When you reach the line containing "Praktický a pohodlný" in the entries below, start writing out each line exactly, and stop after the line containing "从资金流向上来看,当日区块链".

Records from a dataset
---------------
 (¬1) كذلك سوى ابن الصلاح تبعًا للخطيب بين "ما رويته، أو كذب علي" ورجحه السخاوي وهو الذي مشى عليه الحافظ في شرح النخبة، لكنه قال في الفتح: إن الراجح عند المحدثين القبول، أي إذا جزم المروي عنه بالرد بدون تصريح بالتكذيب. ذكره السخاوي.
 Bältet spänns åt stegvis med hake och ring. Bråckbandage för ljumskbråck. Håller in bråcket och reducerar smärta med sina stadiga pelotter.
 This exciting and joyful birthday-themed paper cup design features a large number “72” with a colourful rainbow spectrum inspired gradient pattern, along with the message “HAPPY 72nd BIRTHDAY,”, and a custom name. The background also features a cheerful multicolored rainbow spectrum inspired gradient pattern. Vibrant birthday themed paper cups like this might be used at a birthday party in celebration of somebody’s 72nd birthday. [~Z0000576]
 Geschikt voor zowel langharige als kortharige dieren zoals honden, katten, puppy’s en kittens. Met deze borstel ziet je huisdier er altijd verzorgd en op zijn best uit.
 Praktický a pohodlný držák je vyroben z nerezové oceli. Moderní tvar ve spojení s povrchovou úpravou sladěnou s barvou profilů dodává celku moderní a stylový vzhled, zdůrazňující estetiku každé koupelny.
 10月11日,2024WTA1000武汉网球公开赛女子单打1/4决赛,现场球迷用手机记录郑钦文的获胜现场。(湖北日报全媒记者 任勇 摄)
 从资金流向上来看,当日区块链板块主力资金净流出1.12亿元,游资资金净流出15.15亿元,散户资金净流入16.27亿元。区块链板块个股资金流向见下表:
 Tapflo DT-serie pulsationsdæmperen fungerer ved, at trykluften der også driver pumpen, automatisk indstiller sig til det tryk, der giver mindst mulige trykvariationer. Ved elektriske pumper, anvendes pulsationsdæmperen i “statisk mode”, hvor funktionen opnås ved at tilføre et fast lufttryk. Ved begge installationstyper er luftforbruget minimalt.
---------------
■ ANSWER BOX
 Praktický a pohodlný držák je vyroben z nerezové oceli. Moderní tvar ve spojení s povrchovou úpravou sladěnou s barvou profilů dodává celku moderní a stylový vzhled, zdůrazňující estetiku každé koupelny.
 10月11日,2024WTA1000武汉网球公开赛女子单打1/4决赛,现场球迷用手机记录郑钦文的获胜现场。(湖北日报全媒记者 任勇 摄)
 从资金流向上来看,当日区块链板块主力资金净流出1.12亿元,游资资金净流出15.15亿元,散户资金净流入16.27亿元。区块链板块个股资金流向见下表:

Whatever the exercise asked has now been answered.